Carly Fiorina, Tough Choices
- What you make of yourself is your gift to God.
- Ask the right question and people will learn the right answer.
- Leadership is about seeing and unlocking the potential in people. (Where would I be if others had not seen certain things in me?)
- Create experiences that put people outside of their comfort zone.
- Expect others to develop their own leadership skills.
- Respect for the individual is telling them what you really think.
- There is a gift in everything, if only we will see it.
Marcus Buckingham, Go, Put Your Strengths To Work
- Build around my strengths and manage around my weakness. (Usually one tries to build on their weakness. This is an awesome concept.)
- You only learn about excellence by studying excellence.
- People's strengths are our greatest asset.
- How do you move from using your strength once a week to most of the time?

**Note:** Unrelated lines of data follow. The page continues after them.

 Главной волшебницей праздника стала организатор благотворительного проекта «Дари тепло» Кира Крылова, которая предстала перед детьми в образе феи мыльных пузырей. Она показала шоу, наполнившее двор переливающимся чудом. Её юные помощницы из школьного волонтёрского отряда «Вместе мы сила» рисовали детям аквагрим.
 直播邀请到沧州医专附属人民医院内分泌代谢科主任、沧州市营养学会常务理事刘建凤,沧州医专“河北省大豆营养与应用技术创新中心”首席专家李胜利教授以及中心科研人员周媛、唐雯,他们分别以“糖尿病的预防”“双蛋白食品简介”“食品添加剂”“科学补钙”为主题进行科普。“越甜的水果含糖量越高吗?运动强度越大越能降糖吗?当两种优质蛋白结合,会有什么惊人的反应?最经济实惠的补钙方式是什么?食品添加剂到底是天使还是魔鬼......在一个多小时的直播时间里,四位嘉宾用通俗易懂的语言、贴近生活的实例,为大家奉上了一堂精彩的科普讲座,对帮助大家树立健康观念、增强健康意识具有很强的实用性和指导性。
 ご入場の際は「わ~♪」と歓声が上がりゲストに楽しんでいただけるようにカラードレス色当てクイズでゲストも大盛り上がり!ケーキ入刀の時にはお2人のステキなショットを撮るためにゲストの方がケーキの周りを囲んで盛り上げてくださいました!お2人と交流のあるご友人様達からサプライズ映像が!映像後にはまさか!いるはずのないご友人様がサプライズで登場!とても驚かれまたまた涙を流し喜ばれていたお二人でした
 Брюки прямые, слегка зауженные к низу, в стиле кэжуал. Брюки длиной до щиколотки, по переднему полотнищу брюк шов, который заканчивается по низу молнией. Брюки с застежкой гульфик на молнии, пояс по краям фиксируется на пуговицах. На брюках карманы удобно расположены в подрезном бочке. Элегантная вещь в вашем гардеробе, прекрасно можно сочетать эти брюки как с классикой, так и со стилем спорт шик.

- Make the best of your job into the most of your job.
- 4 signs of strength:
- S=success
- I=instinct, do you look forward to doing
- G=growth
- N=needs, were you put here to do that thing
- "And the day came when the risk to remain tight in a bud was more painful than the risk it took to blossom." Anias Nin
- Let tomorrow be a different day than today.
Colin Powell, Leading at the Highest Level
- Allow lots of flowers to bloom and take ideas from everyone.
- Encourage a noisy system.
- Be prepared to disappoint people and make them angry.
- Make sure you have fun along the way.
- Optimism is a force multiplier, i.e. the problem can be solved, we are going to make it.
- Things always look better in the morning - start each day new, tomorrow will be better.
- Trust the element of instinct.
- All of us have a debt of service that we may never be able to repay.
John Ortberg, A Leaders Greatest Fear
- Fear of failure, when a leader fails, it is public knowledge. (Ouch!)
- If we don't embrace a true mission, we will embrace a shadow mission.
- Don't surround yourself with people who will reinforce the shadow mission. People around the leader need to tell the truth!
- "And who knows that you have come to a position for such a time as this." Esther 4:14
- Ask God for clarity and courage to follow the mission to which I am called.
- God is at work behind the scenes and His purpose is certain.
- What is my shadow mission? (More on this later, but it is seeking approval.)
Jimmy Carter, Building Humanity
- Surround yourself with people of integrity and people with the same principles.
- Surround yourself with people that are capable in their own areas. You don't have to be the best at everything.
- We can accommodate changing times, but we must cling to unchanging principles.
Bill Hybels, Whatever You Do, Inspire Me
- Whose job is it to keep a leader motivated? It is your own job to keep your own self motivated. In 1 Samuel 30:6, David went off and encouraged himself in the Lord.
- Stay clear about your calling from God
- Leverage your spiritual gifts in the way God gave them to you.
- Surround myself with inspiring people.
- Read books that are inspirational and motivating.
- Participate in inspiring events.
- Pay attention to physical health.
- Practice daily spiritual disciplines to keep your spirit fresh.
- The best way to motivate those around me is to live a motivated life in front of them.
- Get a list from people of what would inspire them. Celebrate every sign of progress toward shared goals.
- Identify and reduce every demotivating factor.
Well, that was a ton of stuff to process. I would really like to revisit some of it for my own personal growth. I can apply so many of the principles I learned to my personal, spiritual, and work life. All in all, it was an amazing few days and I am so glad I had the opportunity to attend this event.